LISTED ENTRIES:
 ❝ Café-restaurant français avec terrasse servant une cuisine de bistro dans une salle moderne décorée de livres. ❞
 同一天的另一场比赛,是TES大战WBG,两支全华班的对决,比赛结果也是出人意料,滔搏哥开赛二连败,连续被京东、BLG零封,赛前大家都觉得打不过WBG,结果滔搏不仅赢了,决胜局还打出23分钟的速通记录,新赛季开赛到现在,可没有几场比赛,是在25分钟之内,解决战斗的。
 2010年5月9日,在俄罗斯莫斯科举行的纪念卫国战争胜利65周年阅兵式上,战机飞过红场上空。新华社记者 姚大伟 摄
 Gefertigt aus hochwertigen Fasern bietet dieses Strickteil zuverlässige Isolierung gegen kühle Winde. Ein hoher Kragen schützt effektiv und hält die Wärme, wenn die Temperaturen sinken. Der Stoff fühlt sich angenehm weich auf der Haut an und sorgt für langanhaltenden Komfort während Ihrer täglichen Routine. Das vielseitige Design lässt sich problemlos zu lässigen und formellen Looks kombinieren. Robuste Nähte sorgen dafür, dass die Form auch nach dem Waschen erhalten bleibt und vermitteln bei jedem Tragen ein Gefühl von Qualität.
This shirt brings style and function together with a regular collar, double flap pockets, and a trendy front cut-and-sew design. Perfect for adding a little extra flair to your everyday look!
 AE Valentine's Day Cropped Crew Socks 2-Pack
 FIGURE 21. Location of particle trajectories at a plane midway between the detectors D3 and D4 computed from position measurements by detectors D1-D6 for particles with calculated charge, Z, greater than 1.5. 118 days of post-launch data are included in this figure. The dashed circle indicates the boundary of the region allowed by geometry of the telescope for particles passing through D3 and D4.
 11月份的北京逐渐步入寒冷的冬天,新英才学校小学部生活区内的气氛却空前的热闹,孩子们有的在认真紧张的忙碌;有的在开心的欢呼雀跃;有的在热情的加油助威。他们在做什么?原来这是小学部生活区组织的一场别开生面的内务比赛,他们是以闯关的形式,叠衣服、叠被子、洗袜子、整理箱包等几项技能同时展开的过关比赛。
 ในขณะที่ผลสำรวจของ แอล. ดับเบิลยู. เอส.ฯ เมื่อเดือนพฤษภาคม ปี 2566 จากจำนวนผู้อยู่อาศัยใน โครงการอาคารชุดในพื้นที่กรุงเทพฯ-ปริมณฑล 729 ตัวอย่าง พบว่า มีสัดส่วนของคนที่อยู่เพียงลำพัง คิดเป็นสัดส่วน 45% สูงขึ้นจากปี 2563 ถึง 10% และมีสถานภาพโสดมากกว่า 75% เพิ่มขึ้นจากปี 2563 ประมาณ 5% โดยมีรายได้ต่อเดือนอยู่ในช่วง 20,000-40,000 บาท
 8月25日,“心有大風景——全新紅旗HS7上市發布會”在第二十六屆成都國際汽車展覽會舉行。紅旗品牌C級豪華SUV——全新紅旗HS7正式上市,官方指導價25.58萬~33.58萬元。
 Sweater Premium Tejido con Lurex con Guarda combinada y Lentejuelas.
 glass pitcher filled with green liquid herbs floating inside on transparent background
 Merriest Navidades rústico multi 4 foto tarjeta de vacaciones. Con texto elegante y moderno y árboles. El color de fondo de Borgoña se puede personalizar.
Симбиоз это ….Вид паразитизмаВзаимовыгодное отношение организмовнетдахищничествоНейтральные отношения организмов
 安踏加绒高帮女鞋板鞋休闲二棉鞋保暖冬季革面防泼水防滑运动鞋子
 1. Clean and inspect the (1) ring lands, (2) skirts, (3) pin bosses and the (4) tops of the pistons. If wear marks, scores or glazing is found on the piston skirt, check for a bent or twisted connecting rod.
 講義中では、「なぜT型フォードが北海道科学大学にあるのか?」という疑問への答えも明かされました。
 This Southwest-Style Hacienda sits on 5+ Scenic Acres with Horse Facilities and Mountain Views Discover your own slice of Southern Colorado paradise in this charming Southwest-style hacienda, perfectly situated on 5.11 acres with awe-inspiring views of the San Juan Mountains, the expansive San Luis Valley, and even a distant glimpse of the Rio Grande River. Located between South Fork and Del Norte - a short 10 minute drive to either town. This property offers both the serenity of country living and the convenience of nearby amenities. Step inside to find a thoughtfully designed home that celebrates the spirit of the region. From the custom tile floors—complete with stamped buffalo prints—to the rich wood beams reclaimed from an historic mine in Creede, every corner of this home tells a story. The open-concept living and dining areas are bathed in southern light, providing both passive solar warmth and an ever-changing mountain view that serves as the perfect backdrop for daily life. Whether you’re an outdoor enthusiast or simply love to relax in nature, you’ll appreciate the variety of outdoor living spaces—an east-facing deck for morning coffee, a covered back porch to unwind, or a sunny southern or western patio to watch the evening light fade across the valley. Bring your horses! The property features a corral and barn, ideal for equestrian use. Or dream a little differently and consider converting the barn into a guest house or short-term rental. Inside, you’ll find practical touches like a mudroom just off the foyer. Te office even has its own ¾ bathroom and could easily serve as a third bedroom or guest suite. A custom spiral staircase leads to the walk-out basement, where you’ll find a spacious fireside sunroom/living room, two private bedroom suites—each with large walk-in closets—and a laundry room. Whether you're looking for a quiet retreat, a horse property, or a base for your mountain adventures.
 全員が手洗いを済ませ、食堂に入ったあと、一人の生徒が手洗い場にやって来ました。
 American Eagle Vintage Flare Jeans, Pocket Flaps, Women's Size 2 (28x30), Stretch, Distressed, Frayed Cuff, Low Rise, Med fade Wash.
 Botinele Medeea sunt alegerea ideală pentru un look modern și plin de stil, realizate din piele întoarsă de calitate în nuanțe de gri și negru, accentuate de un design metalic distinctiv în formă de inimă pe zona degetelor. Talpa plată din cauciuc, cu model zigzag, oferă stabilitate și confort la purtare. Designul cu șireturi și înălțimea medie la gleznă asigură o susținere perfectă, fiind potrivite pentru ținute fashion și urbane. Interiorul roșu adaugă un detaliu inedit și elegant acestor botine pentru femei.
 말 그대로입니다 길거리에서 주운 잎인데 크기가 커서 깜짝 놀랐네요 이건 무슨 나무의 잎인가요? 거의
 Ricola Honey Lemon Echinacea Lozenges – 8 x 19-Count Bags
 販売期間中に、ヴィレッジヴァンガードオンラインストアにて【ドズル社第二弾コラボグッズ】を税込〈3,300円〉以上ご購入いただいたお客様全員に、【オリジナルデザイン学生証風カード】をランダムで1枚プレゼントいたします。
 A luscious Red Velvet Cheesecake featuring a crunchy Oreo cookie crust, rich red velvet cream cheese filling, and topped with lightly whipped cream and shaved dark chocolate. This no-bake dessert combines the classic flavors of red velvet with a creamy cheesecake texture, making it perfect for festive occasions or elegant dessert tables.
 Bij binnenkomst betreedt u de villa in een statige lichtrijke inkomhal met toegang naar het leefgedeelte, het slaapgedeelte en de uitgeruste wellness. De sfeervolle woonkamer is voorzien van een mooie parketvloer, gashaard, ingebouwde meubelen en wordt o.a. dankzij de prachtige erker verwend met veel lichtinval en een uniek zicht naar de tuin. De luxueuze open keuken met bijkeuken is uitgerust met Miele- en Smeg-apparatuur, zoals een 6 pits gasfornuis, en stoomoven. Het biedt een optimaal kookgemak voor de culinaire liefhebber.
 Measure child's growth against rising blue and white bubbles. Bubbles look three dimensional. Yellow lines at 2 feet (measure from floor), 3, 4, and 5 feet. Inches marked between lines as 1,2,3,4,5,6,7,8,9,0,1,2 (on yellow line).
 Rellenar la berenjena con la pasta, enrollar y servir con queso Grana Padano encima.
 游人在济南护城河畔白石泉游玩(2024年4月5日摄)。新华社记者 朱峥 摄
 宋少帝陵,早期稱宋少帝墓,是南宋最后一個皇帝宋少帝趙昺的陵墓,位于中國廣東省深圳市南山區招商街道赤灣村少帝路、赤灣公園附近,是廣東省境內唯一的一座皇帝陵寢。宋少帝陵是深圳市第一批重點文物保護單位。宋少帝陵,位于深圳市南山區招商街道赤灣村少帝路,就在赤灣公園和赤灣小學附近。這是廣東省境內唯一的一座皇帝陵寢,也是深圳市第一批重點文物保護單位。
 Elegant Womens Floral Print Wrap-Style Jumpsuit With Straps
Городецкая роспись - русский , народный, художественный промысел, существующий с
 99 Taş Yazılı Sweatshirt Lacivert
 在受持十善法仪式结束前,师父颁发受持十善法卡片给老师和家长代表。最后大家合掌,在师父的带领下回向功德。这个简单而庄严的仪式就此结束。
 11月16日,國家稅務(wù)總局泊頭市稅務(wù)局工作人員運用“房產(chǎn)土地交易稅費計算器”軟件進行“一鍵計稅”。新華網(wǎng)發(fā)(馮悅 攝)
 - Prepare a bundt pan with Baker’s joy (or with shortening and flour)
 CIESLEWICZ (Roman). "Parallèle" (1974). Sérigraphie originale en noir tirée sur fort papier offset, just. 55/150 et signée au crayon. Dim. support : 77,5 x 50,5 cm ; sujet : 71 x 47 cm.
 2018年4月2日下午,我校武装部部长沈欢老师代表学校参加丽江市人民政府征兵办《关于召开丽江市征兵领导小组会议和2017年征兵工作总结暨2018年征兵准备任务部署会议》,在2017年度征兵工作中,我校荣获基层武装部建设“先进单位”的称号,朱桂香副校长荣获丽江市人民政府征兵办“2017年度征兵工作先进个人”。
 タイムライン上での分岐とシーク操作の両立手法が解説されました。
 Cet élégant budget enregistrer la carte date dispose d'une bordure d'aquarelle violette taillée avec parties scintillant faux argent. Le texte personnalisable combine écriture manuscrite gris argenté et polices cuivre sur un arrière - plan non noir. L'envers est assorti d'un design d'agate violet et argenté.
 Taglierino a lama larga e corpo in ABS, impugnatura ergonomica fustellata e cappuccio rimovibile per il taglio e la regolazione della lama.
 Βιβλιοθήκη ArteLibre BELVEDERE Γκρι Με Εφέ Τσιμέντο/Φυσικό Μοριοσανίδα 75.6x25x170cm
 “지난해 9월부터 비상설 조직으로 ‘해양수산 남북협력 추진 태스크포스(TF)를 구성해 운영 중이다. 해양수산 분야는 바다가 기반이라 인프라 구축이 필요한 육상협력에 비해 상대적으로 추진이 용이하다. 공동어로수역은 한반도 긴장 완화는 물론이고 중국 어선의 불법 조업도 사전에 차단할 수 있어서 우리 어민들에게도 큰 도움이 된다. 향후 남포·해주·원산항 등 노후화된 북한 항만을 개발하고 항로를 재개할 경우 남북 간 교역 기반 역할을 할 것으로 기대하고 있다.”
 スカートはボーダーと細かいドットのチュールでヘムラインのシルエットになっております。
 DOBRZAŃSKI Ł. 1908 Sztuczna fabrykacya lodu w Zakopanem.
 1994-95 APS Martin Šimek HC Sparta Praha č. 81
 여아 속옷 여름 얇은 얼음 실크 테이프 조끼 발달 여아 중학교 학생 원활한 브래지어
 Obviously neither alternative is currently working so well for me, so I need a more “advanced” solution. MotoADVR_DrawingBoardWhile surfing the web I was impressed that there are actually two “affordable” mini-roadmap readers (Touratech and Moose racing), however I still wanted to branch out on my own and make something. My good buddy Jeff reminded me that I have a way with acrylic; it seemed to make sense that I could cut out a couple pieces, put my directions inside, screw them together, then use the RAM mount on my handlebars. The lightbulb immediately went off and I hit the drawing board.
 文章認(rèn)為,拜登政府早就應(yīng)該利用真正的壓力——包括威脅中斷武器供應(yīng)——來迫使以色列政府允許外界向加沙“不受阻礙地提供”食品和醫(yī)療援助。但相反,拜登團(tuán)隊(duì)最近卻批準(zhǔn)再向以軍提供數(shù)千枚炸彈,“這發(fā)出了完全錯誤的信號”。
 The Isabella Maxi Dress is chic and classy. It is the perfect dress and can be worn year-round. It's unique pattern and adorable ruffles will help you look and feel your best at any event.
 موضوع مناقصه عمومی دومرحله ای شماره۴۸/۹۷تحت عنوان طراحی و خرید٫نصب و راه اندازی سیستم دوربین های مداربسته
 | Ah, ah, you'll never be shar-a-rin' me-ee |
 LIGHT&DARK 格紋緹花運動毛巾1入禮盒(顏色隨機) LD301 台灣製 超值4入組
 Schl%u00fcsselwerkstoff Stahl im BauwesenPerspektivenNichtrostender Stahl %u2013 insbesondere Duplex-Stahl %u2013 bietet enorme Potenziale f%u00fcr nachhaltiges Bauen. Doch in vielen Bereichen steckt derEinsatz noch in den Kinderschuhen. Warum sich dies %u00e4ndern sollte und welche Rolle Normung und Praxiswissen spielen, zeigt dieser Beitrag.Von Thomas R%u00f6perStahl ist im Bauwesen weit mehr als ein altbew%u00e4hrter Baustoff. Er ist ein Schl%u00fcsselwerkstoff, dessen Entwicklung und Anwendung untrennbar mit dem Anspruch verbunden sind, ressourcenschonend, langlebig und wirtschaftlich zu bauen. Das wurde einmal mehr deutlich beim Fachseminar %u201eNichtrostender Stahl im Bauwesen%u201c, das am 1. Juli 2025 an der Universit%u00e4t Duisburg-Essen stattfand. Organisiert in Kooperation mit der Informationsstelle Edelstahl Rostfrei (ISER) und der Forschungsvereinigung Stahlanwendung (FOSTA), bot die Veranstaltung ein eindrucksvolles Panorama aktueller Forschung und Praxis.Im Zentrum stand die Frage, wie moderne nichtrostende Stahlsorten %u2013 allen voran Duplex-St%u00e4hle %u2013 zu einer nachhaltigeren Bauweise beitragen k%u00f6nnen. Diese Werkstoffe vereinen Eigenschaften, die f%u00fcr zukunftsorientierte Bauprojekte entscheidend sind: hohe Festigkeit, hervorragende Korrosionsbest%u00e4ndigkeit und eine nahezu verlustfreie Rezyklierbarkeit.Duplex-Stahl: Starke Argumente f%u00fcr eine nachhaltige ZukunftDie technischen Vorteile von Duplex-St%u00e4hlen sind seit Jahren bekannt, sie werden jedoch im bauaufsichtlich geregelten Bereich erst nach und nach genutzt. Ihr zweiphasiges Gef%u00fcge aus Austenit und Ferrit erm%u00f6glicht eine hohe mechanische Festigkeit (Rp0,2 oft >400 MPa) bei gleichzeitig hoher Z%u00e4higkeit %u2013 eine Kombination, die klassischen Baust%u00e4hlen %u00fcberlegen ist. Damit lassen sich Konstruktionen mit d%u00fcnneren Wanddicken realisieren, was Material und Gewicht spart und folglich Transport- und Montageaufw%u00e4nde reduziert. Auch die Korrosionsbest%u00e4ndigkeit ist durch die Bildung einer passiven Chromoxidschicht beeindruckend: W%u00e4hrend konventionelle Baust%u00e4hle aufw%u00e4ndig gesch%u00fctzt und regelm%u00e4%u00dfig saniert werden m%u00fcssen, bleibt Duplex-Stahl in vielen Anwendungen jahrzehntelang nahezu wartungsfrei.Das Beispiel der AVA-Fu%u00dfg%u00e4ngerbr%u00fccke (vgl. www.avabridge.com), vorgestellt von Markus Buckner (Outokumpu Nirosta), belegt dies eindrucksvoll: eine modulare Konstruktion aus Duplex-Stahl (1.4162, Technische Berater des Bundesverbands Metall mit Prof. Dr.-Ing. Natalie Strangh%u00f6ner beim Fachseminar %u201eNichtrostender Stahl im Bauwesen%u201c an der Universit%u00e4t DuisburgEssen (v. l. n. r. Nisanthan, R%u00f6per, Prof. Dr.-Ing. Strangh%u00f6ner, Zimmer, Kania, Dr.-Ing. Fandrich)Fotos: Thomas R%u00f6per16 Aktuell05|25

REQUIRED WORK: The answer must be a single number: how many lines in the records above contain the word "noir".

EXERCISE RESULT: 2